“What we wanted to hear, we heard it, is the word guilty”, reacted Stéphan Mathieu, the father of one of the teenagers who died in this accident, with five other comrades, at the Millas level crossing. , in the Pyrénées-Orientales, on December 14, 2017.

“I’m relieved that it’s over” even if the decision contains “no surprises”, he added, in Marseille, immediately after the judgment was delivered by the city court. But for him the detail of the sentence was “not the most important”, the driver was “already in her own prison”.

The lawyers of Nadine Oliveira, 53, tried for “homicides and involuntary injuries” after this accident which had also left 17 injured, had asked for the release of their client, hospitalized since September 22 and absent at the hearing on Friday. They immediately announced their intention to appeal.

“We have a bit of the impression that we are not quite in a state of law”, lambasted one of the defendant’s lawyers, Me Louis Fagniez, questioning the impartiality of the court, in particular in the appointment of railway experts.

Sentenced to five years in prison, four of which were suspended, the bus driver will serve her sentence at home, under an electronic bracelet, said the president of the Marseille criminal court, Céline Ballerini.
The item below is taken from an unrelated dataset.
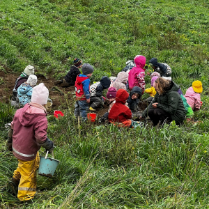 Es war wieder soweit – die junge Erntebrigade des Waldkindergartens Kaufering rückte aus zur Ernte der Kartoffeln. In diesem Jahr stellte uns Herr Laber ein Stück seines Bio-Kartoffel-Ackers in Pürgen zur Verfügung. Der Treffpunkt war für den Spielplatz in Pürgen geplant. Überraschend wurde exakt in unserer Erntewoche dort eine Baustelle eröffnet. Dies tat unserer Euphorie jedoch keinen Abbruch. Wir nutzten das kleine Stück Spielplatz, was nicht eingezäunt war, als Treffpunkt, was sich als völlig ausreichend herausstellte. Ein großer Dank geht an Familie Kübel, die dem Kindergarten einen Bollerwagen spendierte und auch an Familie Pezzei für das zur Verfügung-Stellen eines weiteren Bollerwagens. Beide Wägen wurden mit den Rucksäcken, Eimern und Schaufeln bepackt, so dass unsere 20 Kinder beim Marsch zum Acker nicht so schwer tragen mussten. Das Laufen entlang der Straße gelang unserer jungen Gruppe ganz wunderbar und voller Tatendrang erreichten wir das Kartoffelfeld. Rasch wurde der Erntebereich abgesteckt und schon die ersten Buddelversuche ließen laute Jubelrufe erklingen. Ob mit oder ohne Unterstützung – fast alle Kinder beteiligten sich bis zum Schluss sehr eifrig bei der Ernte. Die reichhaltige Ernte wird in den nächsten Wochen im Kindergarten verkocht. Unsere diesjährige größte Kartoffel fand Ellie. Der stolze Kartoffelkönig hatte ein Gewicht von 450 Gramm und wurde im Kindergarten königlich gekrönt.

This firm year was decided by the president of the court “to take into account the punitive dimension” that the sentence must include in the face of the “irreversible consequences” of the facts, explained the magistrate, in the extraordinary trial room of the judicial court of Marseille, the only city with Paris to host a center specializing in collective accidents.

– “A derisory sentence” –

“For me it is a decision without surprise, she is declared guilty, that is the most important”, reacted Me Gérard Chemla, lawyer for around forty civil parties, welcoming a sentence “adapted” and “measured “: “The court is aware of how badly she experienced the hearing and the disorders that this caused for her”.

Thursday September 22, barely four days after the opening of her trial, Nadine Oliveira had collapsed at the helm before being evacuated by the marine firefighters. She has been hospitalized ever since, in psychiatry, in Marseille.

The court also decided to cancel Ms. Oliveira’s driving licenses, with a ban on returning them for five years. Likewise, he is “permanently” prohibited from exercising any function in the field of transport.

In Perpignan, where seventy people, i.e. almost all of the civil parties, attended the retransmission of the deliberation live at the courthouse, Fabien Bourgeonnier, father of one of the deceased children, said he was “very happy that the president followed the requisitions of the prosecutor”. “As a parent, I would have preferred her to take life in prison, but that would not have brought my child back”, conceded the president of the association “in memory of our angels”.

Lambasting “a ridiculous sentence”, Me Corinne Serfati, lawyer for the family of Yonas Alquier, one of the college students who died in the accident, estimated that her clients were “disappointed” but also “appeased to see the driver recognized as the only culprit “.

During the trial, in a balanced indictment, prosecutor Michel Sastre recalled that “children’s lives have been taken away, (…) families destroyed”, and that for the victims, it is indeed “perpetuity”. which was inflicted on them.

Before the tragedy, Nadine Oliveira had taken this level crossing N.25 almost 400 times, and she had never seen it closed. During the investigation as at the hearing, she always maintained that the barriers were open on the day of the tragedy, despite the expertise and certain testimonies, in particular that of a young girl seated at the front of the bus.